» What is required
Leave out the pictures and restate the rest of the data exactly.

» Dataset excerpt
*** Begin section ***

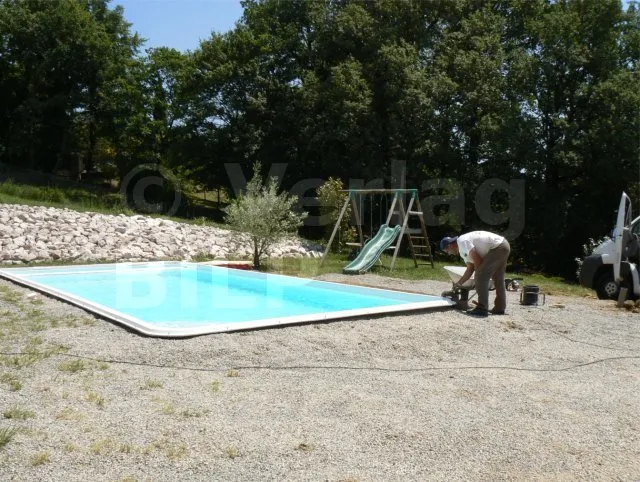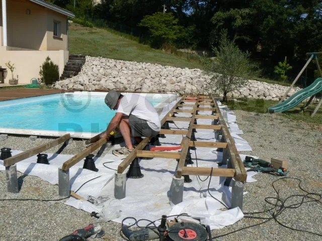 Regis hat ein Polyesterschwimmbecken bauen lassen und will jetzt rund herum eine Holzterrasse anlegen. Bei diesem Plan haben wir es mit mehreren technischen Problemen zu tun :
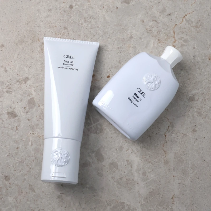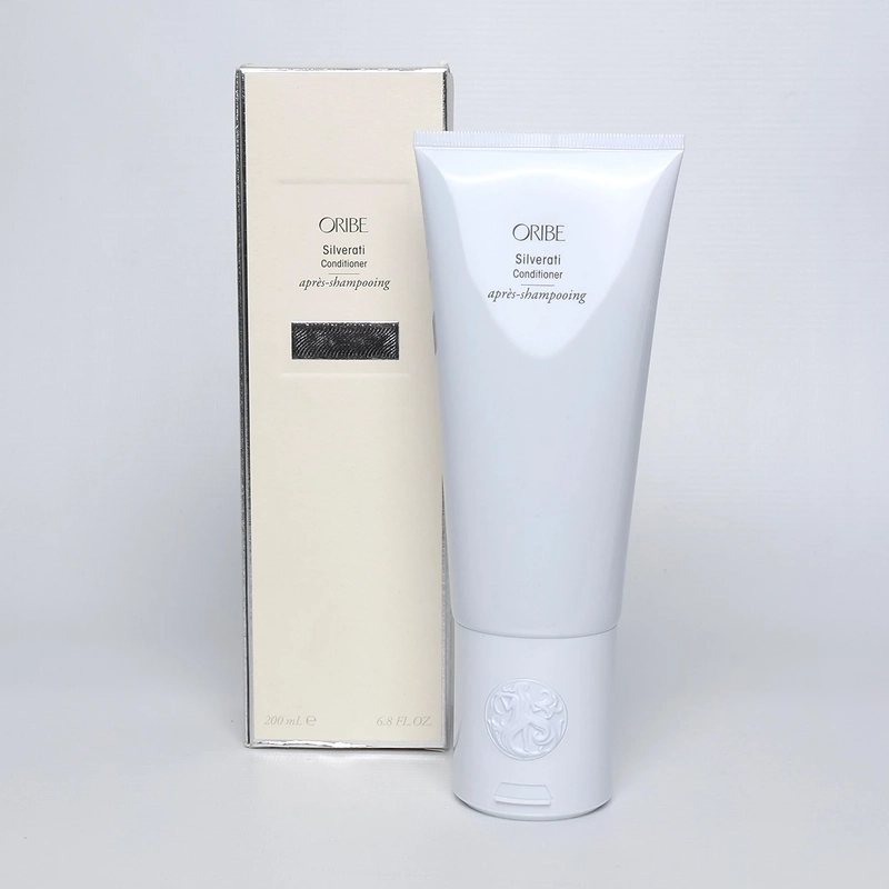 Oribe Silverati Conditioner är ett effektivt silverbalsam. Ge grått, vitt och kallt hår nytt liv med ett lyxigt balsam som kombinerar vård och glans i en effektiv formula. Detta intensivt återfuktande balsam är utformat för att fräscha upp matta toner och neutralisera oönskade gula toner, vilket lämnar håret klart, strålande och fullt av vitalitet. Den närande formulan återfuktar torrt och moget hår på djupet, samtidigt som den återställer elasticitet och smidighet i ömtåliga längder. Håret känns omedelbart mjukare, slätare och lättare att reda ut, medan ytan slätas ut för en silkeslen finish. Resultatet är friskare, mer livfullt hår med förbättrad flexibilitet, intensiv glans och en sval, klar ton - perfekt för dig som vill framhäva skönheten i grått, silver eller ljust hår med ett elegant och välvårdat utseende. Fördelar: - Balsam för grått och vitt hår - Neutraliserar gula toner - Ger intensiv återfuktning - Vårdar torrt och moget hår - Återställer elasticitet och smidighet - Gör håret lätt att kamma - Ger glans och klarhet Användning: - Applicera i vått, nytvättat hår - Fördela i längder och toppar - Låt verka i några minuter - Kamma igenom håret vid behov - Skölj noggrant - Använd regelbundet för bästa resultat
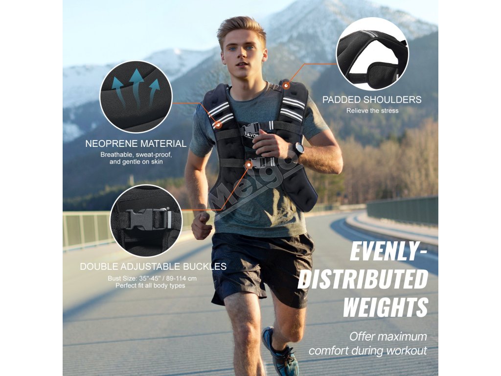 Navrhnuté pre pohodlie, cvičebné pomôcky sú rovnomerne rozložené po celej veste. Polstrované ramená zmierňujú záťaž, čo vám umožní cvičiť bez nepohodlia a napätia.

*** End section ***

» Response area
 Regis hat ein Polyesterschwimmbecken bauen lassen und will jetzt rund herum eine Holzterrasse anlegen. Bei diesem Plan haben wir es mit mehreren technischen Problemen zu tun :
 Oribe Silverati Conditioner är ett effektivt silverbalsam. Ge grått, vitt och kallt hår nytt liv med ett lyxigt balsam som kombinerar vård och glans i en effektiv formula. Detta intensivt återfuktande balsam är utformat för att fräscha upp matta toner och neutralisera oönskade gula toner, vilket lämnar håret klart, strålande och fullt av vitalitet. Den närande formulan återfuktar torrt och moget hår på djupet, samtidigt som den återställer elasticitet och smidighet i ömtåliga längder. Håret känns omedelbart mjukare, slätare och lättare att reda ut, medan ytan slätas ut för en silkeslen finish. Resultatet är friskare, mer livfullt hår med förbättrad flexibilitet, intensiv glans och en sval, klar ton - perfekt för dig som vill framhäva skönheten i grått, silver eller ljust hår med ett elegant och välvårdat utseende. Fördelar: - Balsam för grått och vitt hår - Neutraliserar gula toner - Ger intensiv återfuktning - Vårdar torrt och moget hår - Återställer elasticitet och smidighet - Gör håret lätt att kamma - Ger glans och klarhet Användning: - Applicera i vått, nytvättat hår - Fördela i längder och toppar - Låt verka i några minuter - Kamma igenom håret vid behov - Skölj noggrant - Använd regelbundet för bästa resultat
 Navrhnuté pre pohodlie, cvičebné pomôcky sú rovnomerne rozložené po celej veste. Polstrované ramená zmierňujú záťaž, čo vám umožní cvičiť bez nepohodlia a napätia.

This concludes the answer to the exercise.